_What you should do_
Please transcribe the records precisely; pictures stay out of your copy.

_Records for this task_
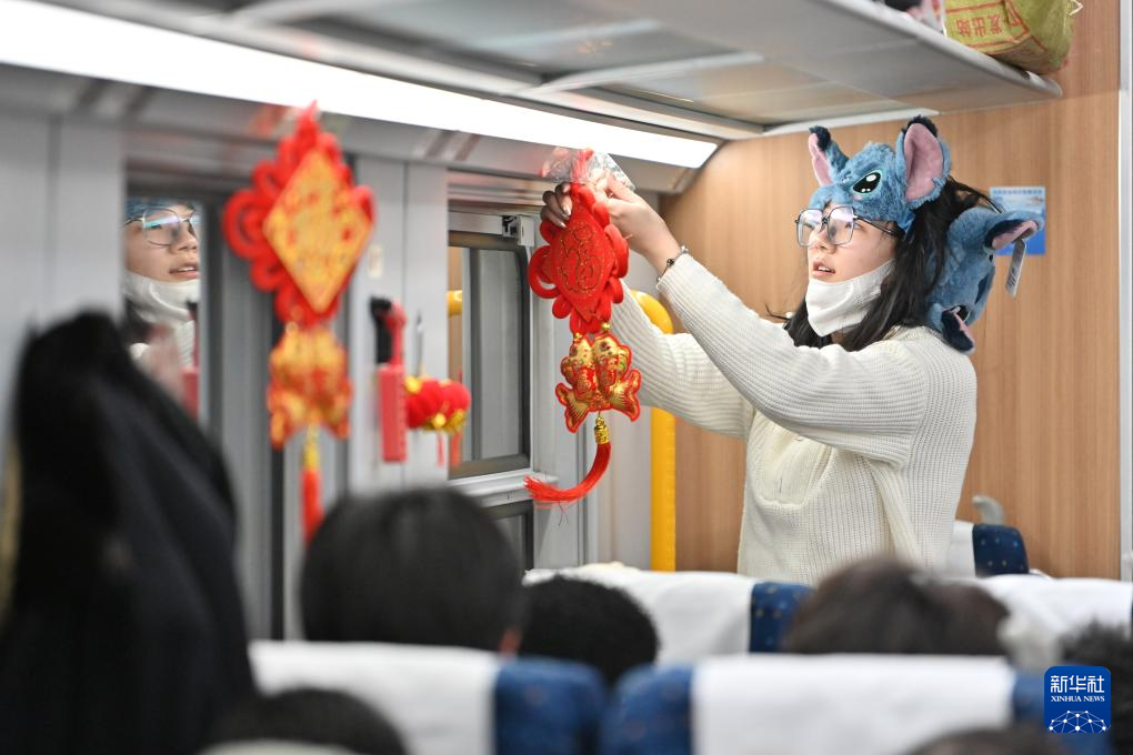 2月3日,在D59次列车上,一名小姑娘将中国结粘牢。新华社记者 宋为伟 摄
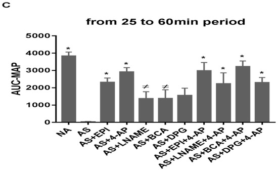 Between 25 min and 60 min (Figure 2C), AUC-MAP was lower in AS than in NA groups (p ˂ 0.0001). EPI and 4-AP treatments increased AUC-MAP vs. AS group (p ˂ 0.003 and p ˂ 0.0001, respectively). L-NAME, BCA, and DPG did not affect AUC-MAP. Combined 4-AP treatment AUC-MAP values exceeded those of AS group (p ˂ 0.0002 vs. AS+EPI+4-AP, p ˂ 0.005 vs. AS+L-NAME+4-AP, p ˂ 0.0001 vs. AS+BCA+4-AP p ˂ 0.003 vs. AS+DPG+4-AP).
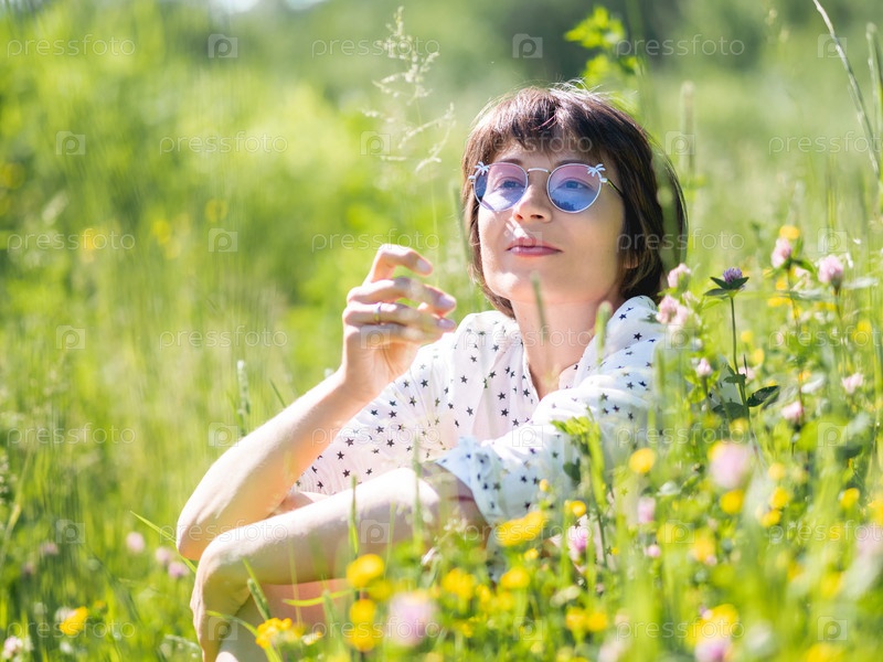 Женщина в красочных солнцезащитных очках наслаждается солнечным светом и цветочным ароматом на травяном поле. Летние вибрации. Расслабьтесь на свежем воздухе. самоуспокаивающий
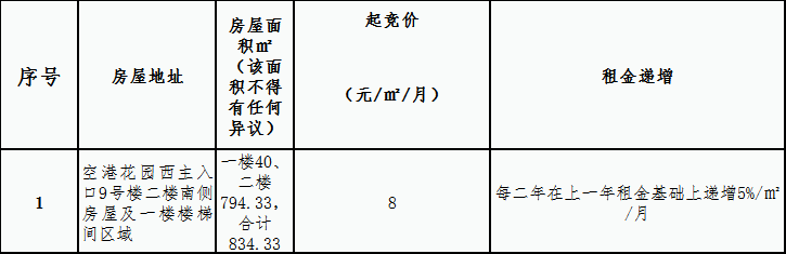空港花园安置房小区房屋租赁竞拍公告
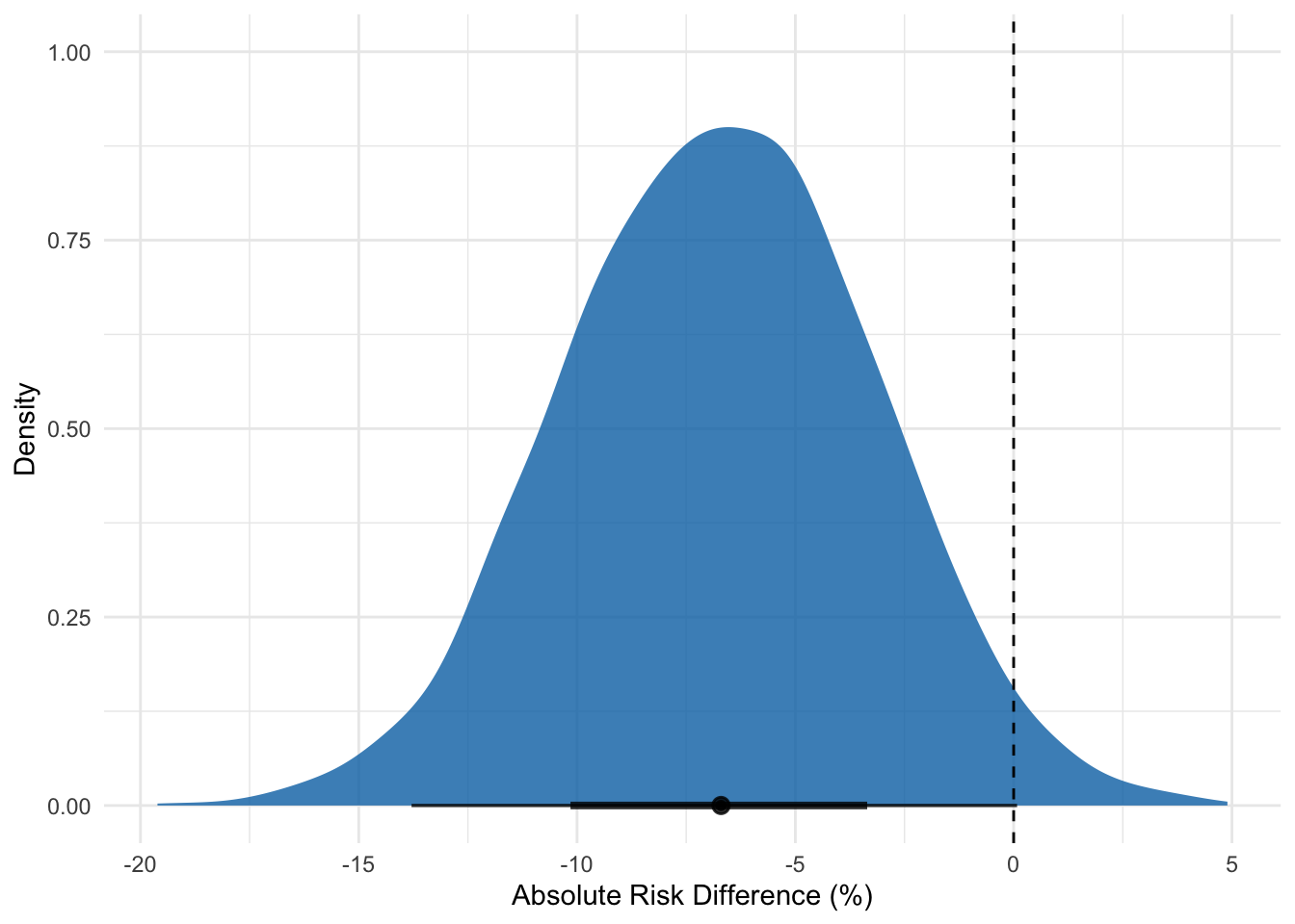 The Bayesian approach is to instead estimate the probability of benefit. We can ask a more practical question: “What’s the probability that the treatment is beneficial (i.e. that the risk difference is less than zero)?” using the model:

_Task answer_
 2月3日,在D59次列车上,一名小姑娘将中国结粘牢。新华社记者 宋为伟 摄
 Between 25 min and 60 min (Figure 2C), AUC-MAP was lower in AS than in NA groups (p ˂ 0.0001). EPI and 4-AP treatments increased AUC-MAP vs. AS group (p ˂ 0.003 and p ˂ 0.0001, respectively). L-NAME, BCA, and DPG did not affect AUC-MAP. Combined 4-AP treatment AUC-MAP values exceeded those of AS group (p ˂ 0.0002 vs. AS+EPI+4-AP, p ˂ 0.005 vs. AS+L-NAME+4-AP, p ˂ 0.0001 vs. AS+BCA+4-AP p ˂ 0.003 vs. AS+DPG+4-AP).
 Женщина в красочных солнцезащитных очках наслаждается солнечным светом и цветочным ароматом на травяном поле. Летние вибрации. Расслабьтесь на свежем воздухе. самоуспокаивающий
空港花园安置房小区房屋租赁竞拍公告
 The Bayesian approach is to instead estimate the probability of benefit. We can ask a more practical question: “What’s the probability that the treatment is beneficial (i.e. that the risk difference is less than zero)?” using the model:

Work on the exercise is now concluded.